Iterated and mixed discriminants

TL;DR

This paper introduces the multivariate iterated discriminant for systems of Laurent polynomials, showing its relation to the mixed discriminant and providing methods for computation and analysis of singularities.

Contribution

It defines the iterated discriminant as a generalization of classical hyperdeterminants, proves its divisibility by the mixed discriminant, and explores conditions for tangent intersection computations.

Findings

Iterated discriminant is easier to compute than the mixed discriminant.

Iterated discriminant is always divisible by the mixed discriminant.

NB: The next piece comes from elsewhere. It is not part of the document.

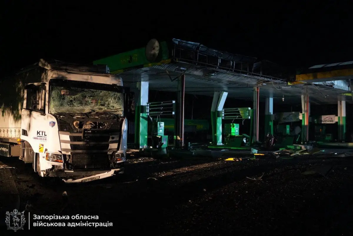 В Запоріжжі було пошкоджено 41 багатоквартирний будинок, 22 приватних будинки та нежитлові будівлі, зокрема заправну станцію. На оприлюднених знімках видно, що йдеться про заправку WOG.
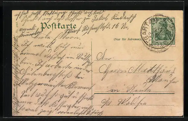 Personenbezogene Daten auf der Rückseite der Karte wurden durch blauen Textmarker unkenntlich gemacht. Die blauen Stellen sind auf die Vorderseite durchgeweicht und wirken sich negativ auf das Postkartenfoto aus

Conditions identified when iterated and mixed discriminants coincide for specific configurations.

Abstract

We consider systems of Laurent polynomials with support on a fixed point configuration. In the non-defective case, the closure of the locus of coefficients giving a non-degenerate multiple root of the system is defined by a polynomial called the mixed discriminant. We define a related polynomial called the multivariate iterated discriminant, generalizing the classical Sch\"afli method for hyperdeterminants. This iterated discriminant is easier to compute and we prove that it is always divisible by the mixed discriminant. We show that tangent intersections can be computed via iteration if and only if the singular locus of a corresponding dual variety has sufficiently high codimension. We also study when point configurations corresponding to Segre-Veronese varieties and to the lattice points of planar smooth polygons, have their iterated discriminant equal to their mixed discriminant.